Each line of the data below between the one containing "Set trouwringen van" and the one containing "18K YELLOW GOLD", both included, is to be repeated exactly. Please omit pictures.

**** Supplied material ****

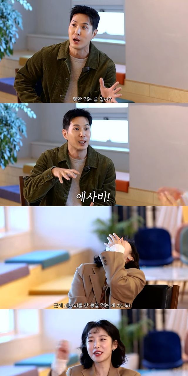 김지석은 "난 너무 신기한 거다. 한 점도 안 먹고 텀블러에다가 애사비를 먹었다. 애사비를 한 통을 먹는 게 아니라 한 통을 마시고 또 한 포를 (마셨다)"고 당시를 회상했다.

****
**** Supplied material ****

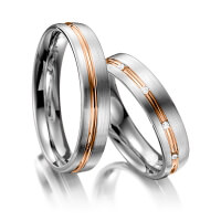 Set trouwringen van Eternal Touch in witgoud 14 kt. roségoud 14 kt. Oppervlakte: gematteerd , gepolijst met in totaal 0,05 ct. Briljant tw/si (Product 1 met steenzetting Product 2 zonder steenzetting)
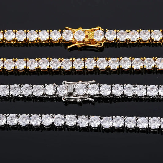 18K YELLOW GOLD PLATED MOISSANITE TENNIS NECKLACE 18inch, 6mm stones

****
**** Supplied material ****

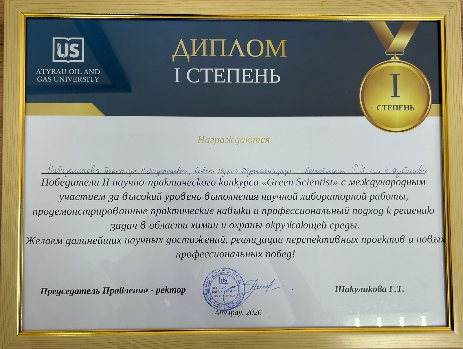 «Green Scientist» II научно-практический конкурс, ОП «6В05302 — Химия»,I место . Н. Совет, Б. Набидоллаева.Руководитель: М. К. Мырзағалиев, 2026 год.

****

[Exercise output]:
 Set trouwringen van Eternal Touch in witgoud 14 kt. roségoud 14 kt. Oppervlakte: gematteerd , gepolijst met in totaal 0,05 ct. Briljant tw/si (Product 1 met steenzetting Product 2 zonder steenzetting)
 18K YELLOW GOLD PLATED MOISSANITE TENNIS NECKLACE 18inch, 6mm stones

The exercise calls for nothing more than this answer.